Converting Parametric Equations

[LongTermStudent]

I have an upcoming exam, and I'm having trouble grasping some concepts. The things that are currently perplexing me are parametric equations and rectangular equations and converting between the two. I have a problem like this

Given the parametric equations x = e^(-t) + 1 and y = e^(-2t) - 3, find the corresponding rectangular equation and sketch the curve of orientation.

To eliminate the parameter, I set the x equation equal to t as such:
t = -ln(x-1)

and then substituted this value into the y equation to get:
y = e^[ln(x - 1)] - 3
and got y = x - 4 as my final equation, but I'm not so confident in this answer.

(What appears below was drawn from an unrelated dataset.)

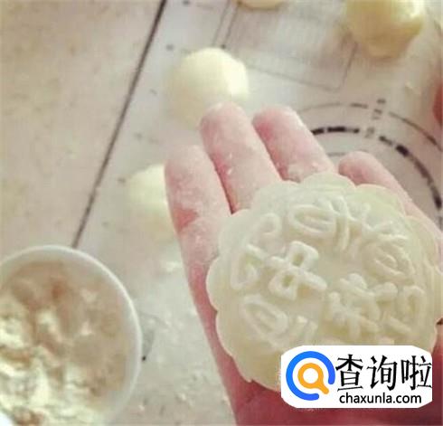 最后用月饼磨具按压出一个月饼的模型来,这样冰皮月饼就做好了。

Then I'm told to find a set of parametric equatiions for the rectangular equation (x - 2)² + y² = 9

I set x equal to t and soved for y and ended up with
y = sqrt(t²-4t+13)

This seems like only half the answer to me, but I barely know where to start, let alone how to continue. I'm sure I'll be kicking myself when I finally figure these concepts out, but I can't for the life of me wrap my head around any of it, and I have no access to a tutor between now and my exam. Any help/guidance is appreciated.

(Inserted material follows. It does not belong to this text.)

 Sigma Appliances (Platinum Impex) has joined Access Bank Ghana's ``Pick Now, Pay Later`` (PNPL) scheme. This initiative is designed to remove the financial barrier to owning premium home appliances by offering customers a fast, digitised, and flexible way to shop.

Edit: I see now I may have posted this in the wrong forum. My bad.

 

[bob1182006]

for the first one, your substitution was wrong, you should get e^(-2t) = e^(-2(-ln(x-1))) which doesn't go down to just (x-1)

for the second one I think you get down to y^2=t^2+4t+13 right? then you square root both sides? you should get y=+ or - sqrt(...) since both +sqrt(...) and -sqrt(...) will satisfy that equation.

 

[tacman]

Hi there,

First of all, don't worry - it's completely normal to struggle with certain concepts before an exam. It's important to keep practicing and seeking help when needed, so good for you for reaching out for guidance.

Let's start with converting parametric equations to rectangular equations. The process you followed for the first problem is correct. To eliminate the parameter t, you need to solve for t in terms of x and then substitute that value into the other equation. So, t = -ln(x-1) is correct.

Next, when you substituted that value into the y equation, you made a small mistake. Remember, when raising e to a power, the inverse operation is taking the natural logarithm (ln). So, instead of e^[ln(x-1)], it should be just (x-1). So, your final equation should be y = x - 4. This is the correct rectangular equation for the given parametric equations.

Now, for the second problem, you're on the right track. You need to set x equal to t and solve for y. But, remember that when you square both sides of an equation, you need to include a positive and negative solution. So, when you take the square root, you should have two possible equations: y = sqrt(t²-4t+13) and y = -sqrt(t²-4t+13). These are the two sets of parametric equations for the given rectangular equation.

Finally, to sketch the curve of orientation, you can plot points by choosing different values for t and then plugging them into the parametric equations. For example, if t = 0, then x = 2 and y = 3. So, one point on the curve would be (2, 3). Similarly, you can choose other values for t and plot more points to get a better understanding of the curve.

I hope this helps and good luck on your exam! Remember to keep practicing and don't hesitate to seek help if needed.